Dogs received a total of 24 trials of the respective version of this pilot study and trials were conducted over six days, with four trials per day. A total of 72 toys were randomly selected for each dog. Toys were all similar in size and material and were randomly grouped into 24 sets of three toys each.

Main experiment.

After an initial analysis revealed that only Paddy performed above chance (with chance being 0.33, see a more detailed description of all results below) we conducted the main experiment using the naming procedure used with Paddy on all other dogs. This main experiment was conducted several weeks after the initial study to ensure that there were no major carry-over effects.

The procedure and number of trials were exactly the same as described for Paddy in the pilot phase. The subjects were Betsy, Joey and Arco.


Statistical procedure.

For statistical analysis of each dog’s overall performance (both attempts for a given trial) we used a Monte-Carlo simulation procedure [37]. For this we simulated trials during which an individual randomly picked toys from a set of available toys, one after the other and without replacement (i.e. each choice reduced the number of toys available for the next choice), until it retrieved the target toy (1 out of N). The number of toys available at the beginning of a trial was the three objects presented during the naming phase. We then ran as many trials as the original subject(s), and calculated the average number of attempts a subject needed to retrieve the target object (if at all). We then repeated the entire process 10,000 times, in this way generating the expected frequency distribution for the average number of attempts after which the subject would bring the target toys if choosing randomly. The real subjects, if they were using the labels of the toys, should bring the target toy on average after fewer attempts than in this expected (chance) distribution. Significance was determined by calculating the proportion of simulations in which the average number of attempts to fetch the target object was as small as or smaller than for the real subject. We also assessed each dog’s performances on the first attempts of each trial, using a straightforward binomial procedure.

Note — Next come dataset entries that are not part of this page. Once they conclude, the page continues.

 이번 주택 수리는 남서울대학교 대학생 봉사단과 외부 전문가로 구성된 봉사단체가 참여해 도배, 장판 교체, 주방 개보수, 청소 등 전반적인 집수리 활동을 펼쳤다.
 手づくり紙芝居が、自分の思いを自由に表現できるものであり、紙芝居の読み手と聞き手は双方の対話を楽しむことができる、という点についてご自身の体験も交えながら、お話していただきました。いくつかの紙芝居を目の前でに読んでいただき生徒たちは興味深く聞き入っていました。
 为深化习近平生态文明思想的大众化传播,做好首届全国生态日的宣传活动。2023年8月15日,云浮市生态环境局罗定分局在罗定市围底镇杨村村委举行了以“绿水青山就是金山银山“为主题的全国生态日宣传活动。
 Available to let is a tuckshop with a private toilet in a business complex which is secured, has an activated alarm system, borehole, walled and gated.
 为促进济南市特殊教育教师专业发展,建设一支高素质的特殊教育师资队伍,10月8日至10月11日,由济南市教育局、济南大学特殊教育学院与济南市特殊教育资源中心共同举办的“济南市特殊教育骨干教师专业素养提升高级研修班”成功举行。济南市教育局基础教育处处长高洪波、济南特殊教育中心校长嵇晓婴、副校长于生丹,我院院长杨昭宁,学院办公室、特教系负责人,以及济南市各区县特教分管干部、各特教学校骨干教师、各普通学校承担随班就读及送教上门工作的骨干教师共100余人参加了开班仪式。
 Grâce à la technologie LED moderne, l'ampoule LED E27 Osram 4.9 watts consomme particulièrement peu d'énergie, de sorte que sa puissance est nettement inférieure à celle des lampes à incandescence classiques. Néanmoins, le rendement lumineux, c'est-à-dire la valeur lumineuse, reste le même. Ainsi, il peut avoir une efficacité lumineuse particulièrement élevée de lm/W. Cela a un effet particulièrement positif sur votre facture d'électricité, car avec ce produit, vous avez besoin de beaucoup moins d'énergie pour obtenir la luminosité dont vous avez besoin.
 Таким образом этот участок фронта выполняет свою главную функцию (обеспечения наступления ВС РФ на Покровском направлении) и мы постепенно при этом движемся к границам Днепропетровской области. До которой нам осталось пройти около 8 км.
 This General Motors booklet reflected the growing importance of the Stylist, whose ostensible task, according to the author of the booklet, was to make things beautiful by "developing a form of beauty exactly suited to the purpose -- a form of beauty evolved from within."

In the pilot phase chance expectation would be 0.33, corresponding to the three objects presented. Paddy retrieved the target object in 22 of the 24 trials (Monte-Carlo test, N simulations = 10.000, P = 0.0073; see table 2). Reducing the data to only his first attempts in each trial, he retrieved the target object 12 times, which is not significant (binomial test, P = 0.126 (2-tailed)). None of the other dogs performed above chance with either statistical method (see table 2 for more detailed information).

Table 2. Dogs’ performance in Experiment 1 (Monte Carlo test N simulations = 10000; binomial test, chance level = .33).

In the main experiment all dogs received the naming procedure with which Paddy had been successful. Here the owner ignored the non-target objects and exclusively directed her behaviour towards the bucket which contained the target object. None of the other dogs performed above chance with this procedure (see table 2).


This study has two main findings: First, as seen in literature on animals but also in the developmental literature there seem to be individual differences between subjects. While three dogs were not at all able to use any aspect of the referential act to identify the target object, one dog was able to use the referential act to identify the task, even though the success rate was not overwhelming even in this dog. This suggests that, while this skill could indeed be within the species’ range, overall the task seemed fairly demanding for the dogs. Even for the one dog, which was possibly able to link the label and the object in the current situation, his performance might have been simply due to a delayed association process resulting from a local enhancement of one of the buckets and, therefore, its contents. It could be that for the dog, the human’s deictic behaviour did not refer to the object itself but rather to the location, which was in consequence enhanced and might have subsequently enhanced the object. In addition, assuming the dog understood that the referential action of the human was directed towards the object, the question remained whether he linked the word with the object or just retrieved the object the human had previously referred to.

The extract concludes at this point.